This isn’t yer momma’s romance, kids.
I’d like to share some breaking news cross-posted by romance writer Tara Lain:
Hi everyone—
This was just posted on RRW about the new J R Ward book—
Hi guys, I just thought I’d share that earlier this morning the virtual signing opened for J.R. Ward’s Lover At Last (This is Blay and Qhuinn’s book, the male/male pairing). They reportedly doubled the number of books available for pre-order through the signing, and in under three hours more than half the books available were gone. Less than 8 hours later they’re saying they’re almost sold out and they are looking at possibly, for the first time ever, closing out a virtual signing in under a day.
Yep. It sold OUT!
: )
Tara is correct to be grinning from ear to ear, like all the rest of us M/M romance writers.
J.R. Ward is BIG NEWS in the paranormal and erotic romance field. She has thousands of dedicated fans, and she’s made her publishers a hell of a lot of money. She’s also been setting up this particular pairing for at least 3 books that I know of, weaving back-stories and plots. Readers on the pre-order are saying things like ‘I never read M/M, but OMG it’s Qhuinn and Blay so I have to read it!’
Ward’s formula would probably not work for an author who isn’t already market-tested. Having a vampire series during the height of the vampire craze didn’t hurt her either.
This isn’t the only M/M pairing coming to mainstream publishing this year, according to some scuttlebutt I’ve heard from agents and publishers. But it is the most dramatic and satisfying way to announce the M/M genre to the wider world.
Sure, Evangelical preachers are fanning the flames of homophobia in Africa. French protesters are marching against gay marriage. There’s an uneasy Culture War thrashing itself out in mainstream US forums, as old/conservative folks are clashing with young/liberal voters and consumers. But for most people under 30 in the US, sexual preference is a non-issue. Labels like ‘gay’ and ‘straight’ are blending into newer, more subtle, more encompassing outlooks.
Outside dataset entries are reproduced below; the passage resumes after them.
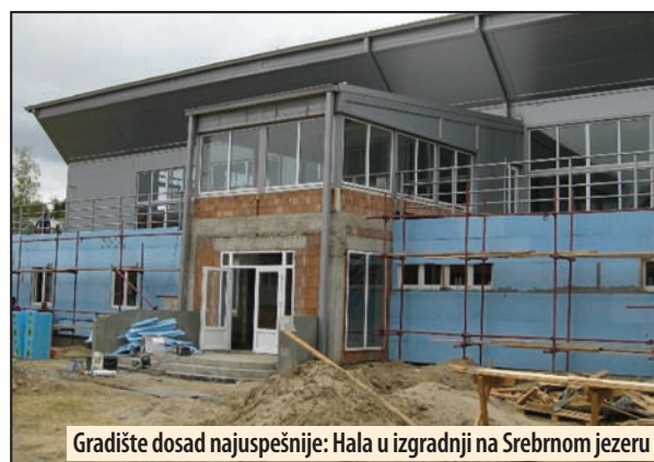
Gradište dosad najuspešnije: Hala u izgradnji na Srebrnom jezeru

U programima za 2018. i 2019. godinu, Gradu Požarevacu je odobren projekat za osiguranje poljoprivrednih proiz-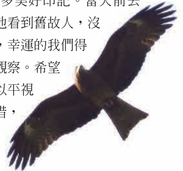
黑鳶幾度自頭頂盤旋劃過，連類單都抓得住

茂林是個好地方，好山好水，卻因莫拉克風災之後遭到很大創傷，昔日景點很多都被淹沒，路徑也不似以往順暢，雖曾小小冒險鑽過小路，現在也只是在樣區觀察，鮮再進入多納林道。在提倡生態旅遊的同時，也與青年創業的朋友有所交流，屢屢拜訪德恩谷，在生態豐富之所，品味原民風味餐、辦理營隊、夜間觀察，拜訪數回，留下諸多美好印記。當天前去只有小狗相迎，喜孜孜地看到舊故人，沒有狂吠，只有親近搖尾，幸運的我們得以進入園區用餐，繼續觀察。希望能如去年一般的好運，以平視角觀察五色鳥進食…可惜，當日園區鳥況不佳，倒是蟲況不錯。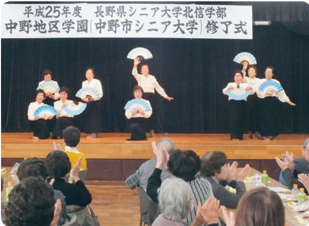
おどりクラブ 浜辺の歌の発表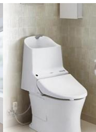
トイレ TOTO HV

The hope for M/M writers in general is that if Lover At Last works and gets good reviews upon its March e-book release, then those readers might be more inclined to seek out other M/M writers with less familiar universes and characters. It may or may not convince the bigger publishers that the market is viable, which is why most of us are hedging our bets with the e-publishers who’ve incubated the genre. We have Josh Lanyon and L.A. Witt, who should be celebrated as masters of gay noir and contemporary romance – but they and a few hundred other great writers are stuck in the M/M ghetto.
I have a dog in this fight. I’ve been writing M/M romance since discovering Samuel R. Delany’s and Misty Lackey’s books in the early 90’s (there’s a dichotomy!) It took me years to write something that could be published. I’m not ashamed of the book that I sold to Loose Id last year. I’m thrilled to see even the relatively ‘mild’ M/M relationships in science fiction and fantasy books from Lynn Flewelling, Kate Elliott, Tanya Huff, N.K. Jemisin, and many others.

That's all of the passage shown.